Simone Milani is currently Assistant Professor at the University of Padova, Italy. From this institution, he received the Laurea degree in Telecommunication Engineering in 2002, and the Ph.D. degree in Electronics and Telecommunication Engineering in 2007. In 2006, he was a visiting Ph.D. student at the University of California, Berkeley under the supervision of Professor K. Ramchandran. In 2007, he was a Post-doc researcher at the University of Udine, Italy, collaborating with Professor R. Rinaldo. In 2011, he joined the group of Professor Stefano Tubaro at the Politecnico di Milano, Italy working as an assistant researcher within the ICT-FP7 FET-Open Project REWIND. Dr. Milani co-authored more than 70 papers in international journals and conferences, including award winning papers at MMSP 2013, MMSP2012. His main research topics are digital signal processing, image, and video coding, 3D image and video acquisition and processing, 3DTV compression, multimedia forensics.

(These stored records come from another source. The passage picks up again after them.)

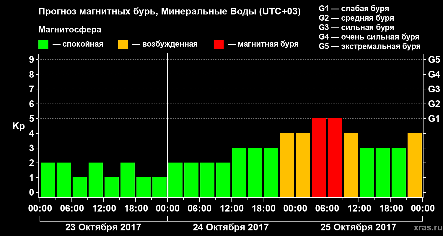 Прогноз магнитных бурь Минеральных Водах — 23 октября 2017 года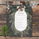 Este diseño presenta un ramo rústico de pino verde y piña sobre un fondo de carbón vegetal con flores blancas. Se acentúa con un resguardo blanco brillante para ilustrar la magia de las hermosas vacaciones de invierno. Ideal para Navidades o bodas de invierno. Esta tarjeta es parte de la suite Boda Boho Green Pine Winter Sparkle creada por Simply Farmhouse Press.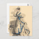 pintura de época azul y blanca con una encantadora dama vestida con vestimenta de estilo victoriano en la orilla del mar y despedida de un barco en el mar, lleva puesto un gorra blanco bonito con flores azules y velo, vestido beige con cintas azules y botones azules en un estilo decorativo de rayas, y ondea una gran bufanda blanca en la brisa marina mientras el gran bote se va hacia un océano con fuertes olas en la ventosa brisa del océano mientras la señora con un largo vestido victoriano mira al barco lejano en el mar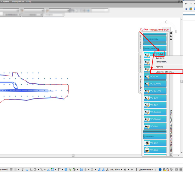 Если архив Bolid-autocad-ver.002.zip был распакован не в корень диска C, то необходимо прописать путь до файла с динамическими блоками камер "Болид" Bolid cameras.dwg. Для этого на панели инструментальных палитр нажмите Ctrl+A(выделить все), П.К.М. на камере в выпадающем контекстном меню выбрать Свойства объекта…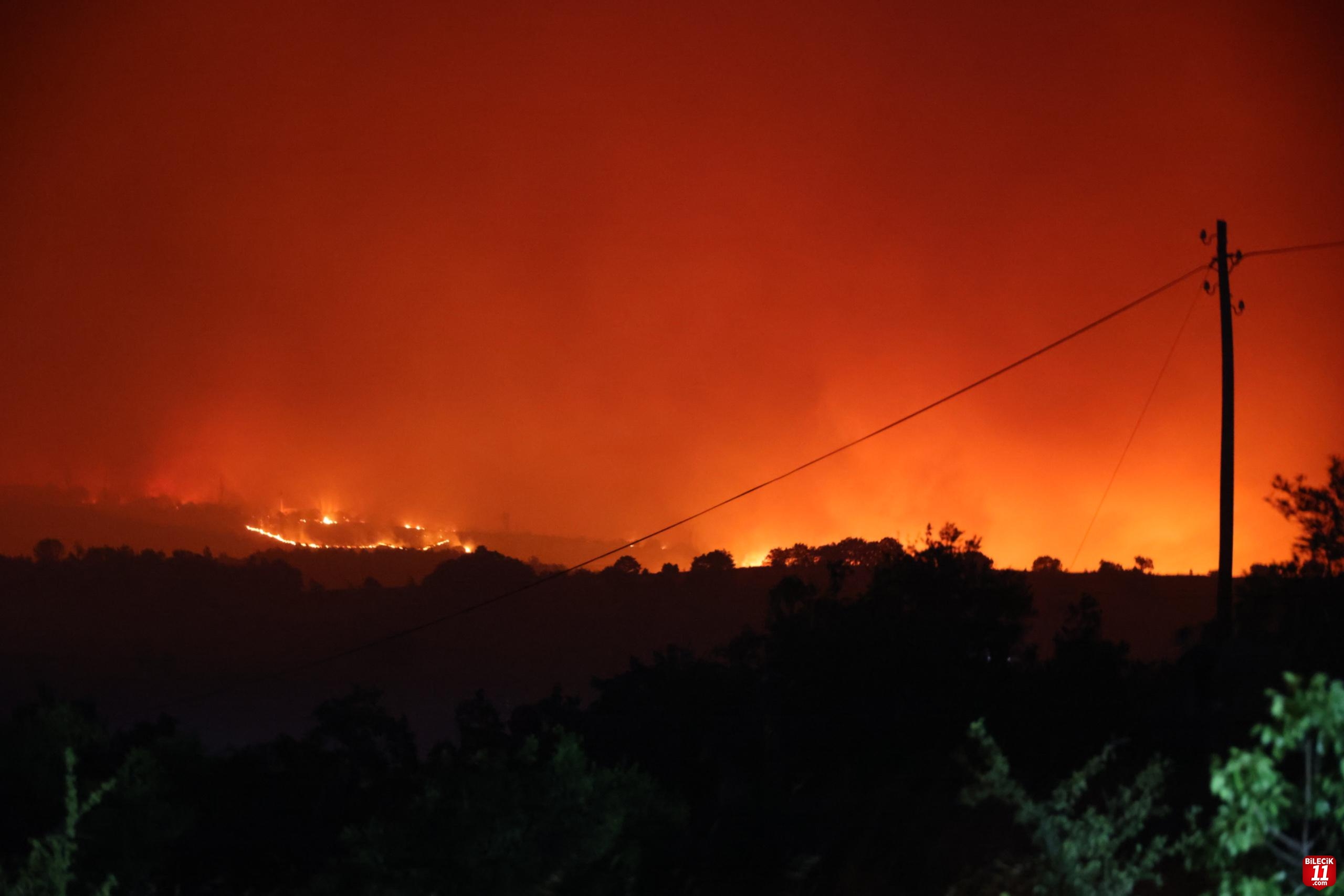 Yoğun çam ormanlarının bulunduğu bölgede, rüzgarın da etkisiyle yangının zaman zaman şiddetlendiği bildirilirken, sabahın ilk ışıklarıyla birlikte helikopterlerin tekrar devreye girmesi ve müdahalenin daha da hız kazanması bekleniyor.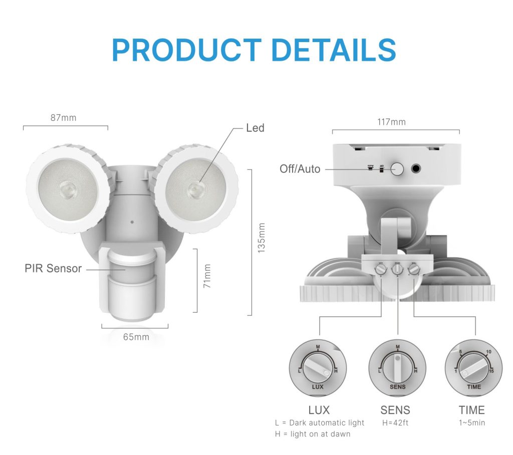 ●Adjustable sensitivity, timer and LUX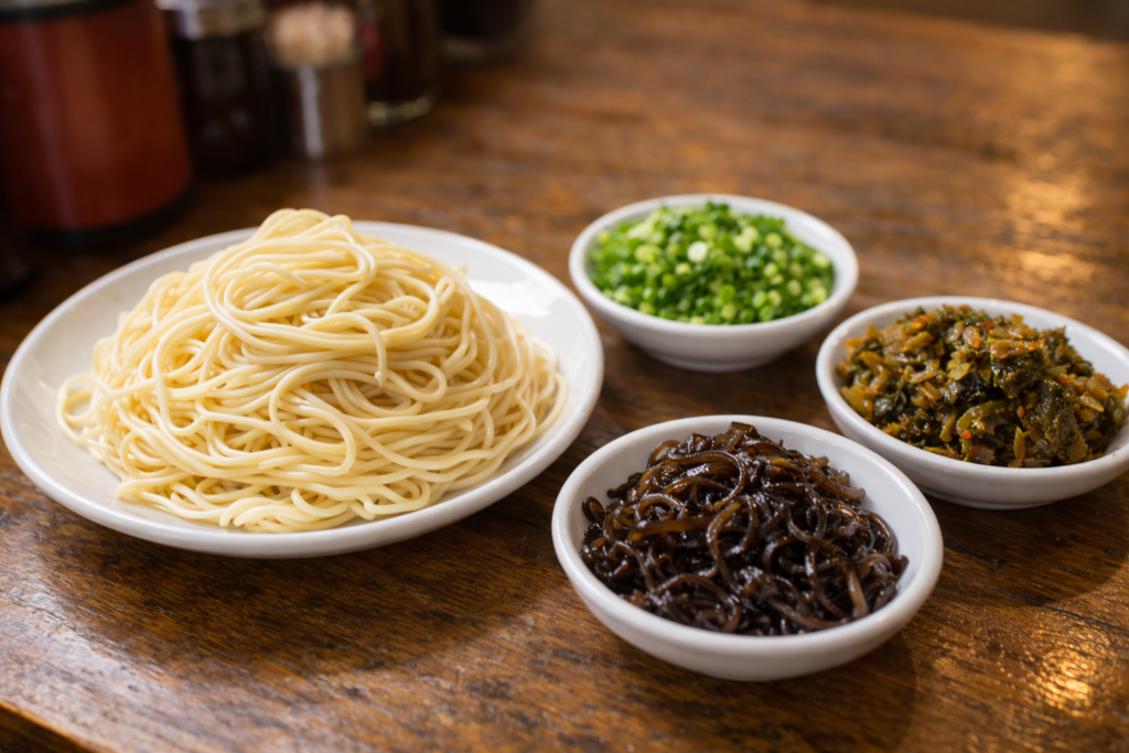 - 味変は紅生姜・ごまなど卓上で軽く調整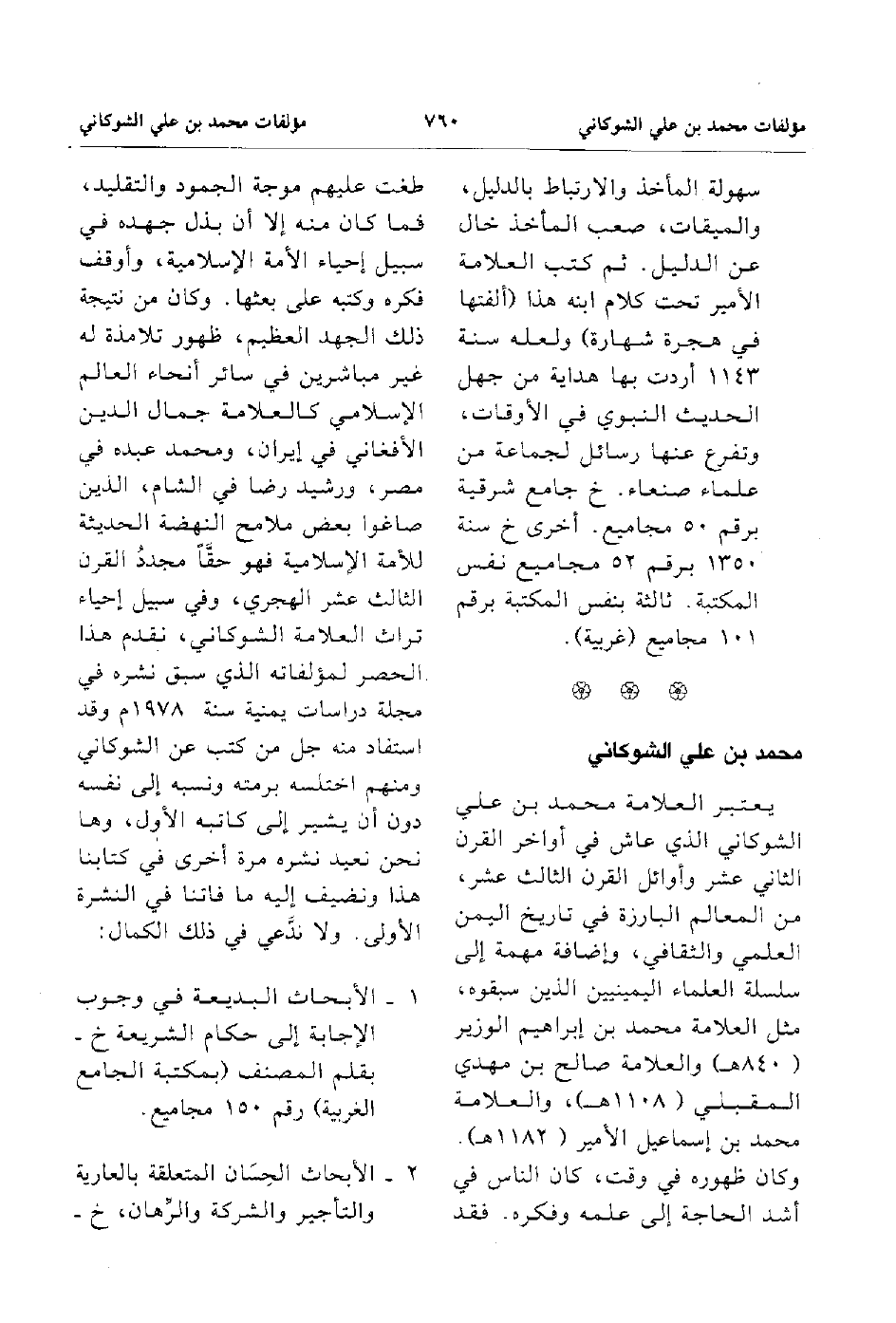 - يعتبر العلامة محمد بن علي اشوكاني الذي عاش في أواخر القرن الثاني عشر وأوائل القرن الثالث عشر من المعالم البارزة في تاريخ اليمن العلمي والثقافي وإضافة مهمة الى سلسلة العلماء اليمنيين الذين سبقوه مثل العلامة محمد بن إبراهيم الوزير 840هـ والعلامة صالح بن مهدي المقبلي 1108 هـ والعلامة محمد بن إسماعيل الأمير 1182هـ وكان ظهوره في وقت كان الناس في اشد الحاجة الى علمه وفكره فقد طغت عليهم موجة الجمود والتقليد فما كان منه الا أن بذل جهده في سبيل إحياء الأمة الإسلامية وأوقف فكره وكتبه على بعثها وكان من نتيجة ذلك الجهد العظيم ظهور تلامذة له غير مباشرين في سائر انحاء العالم الإسلامي كالعلامة جمال الدين الأفغاني في إيران ومحمد عبده في مصر ورشيد رضا في الشام الذين صاغوا بعض ملامح النهضة الحديثة للأمة الإسلامية فهو حقا مجدد القرن الثالث عشر الهجري وفي سبيل إحياء تراث العلامة الشوكاني تقدم هذا الحصر لمؤلفاته الذي سبق نشره في مجلة دراسات يمينة سنة 1978م وقد استفاد منه جل من كتب عن الشوكاني ومنهم اختلسه برمته ونسبه إلى نفسه ون ان يشير إلى كاتبه الأول وها نحن نعيد نشره مرة اخري في كتابنا هذا ونضيف إليه ما قاتنا في النشرة الأولى ولا ندعي في ذلك الكمال.

Marco Tagliasacchi is currently an Assistant Professor at the “Dipartimento di Elettronica e Informazione – Politecnico di Milano”, Italy. He received the “Laurea” degree (2002, cum Laude) in Computer Engineering and the Ph.D. in Electrical Engineering and Computer Science (2006), both from Politecnico di Milano. He was visiting academic at the Imperial College London (2012) and visiting scholar at the University of California, Berkeley (2004). His research interests include multimedia forensics, multimedia communications (visual sensor networks, coding, quality assessment), and information retrieval. Dr. Tagliasacchi co-authored more than 120 papers in international journals and conferences, including award winning papers at MMSP 2013, MMSP2012, ICIP 2011, MMSP 2009, and QoMex 2009. He has been actively involved in several EU-funded research projects. He is currently co-coordinating two ICT-FP7 FET-Open projects (GreenEyes – www.greeneyesproject.eu, REWIND – www.rewindproject.eu).

Stefano Tubaro completed his studies in Electronic Engineering at the Politecnico di Milano, Italy, in 1982. Since December 2004 he has been appointed as Full Professor of Telecommunication at the Dipartimento di Elettronica, Informazione e Bioingegneria of the Politecnico di Milano (DEIB-PoliMi). His current research interests are on advanced algorithms for video and sound processing. Stefano Tubaro authored over 150 publications on international journals and congresses. In the past few years, he has focused his interest on the development of innovative techniques for image and video tampering detection and, in general, for the blind recovery of the “processing history” İ of multimedia objects. Stefano Tubaro is the Head of the Telecommunication Section of DEIB-PoliMi, and the Chair of the IEEE SPS Italian Chapter; moreover he coordinates the research activities of the Image and Sound Processing Group (ISPG). He is a member of the IEEE MMSP and IVMSP TCs.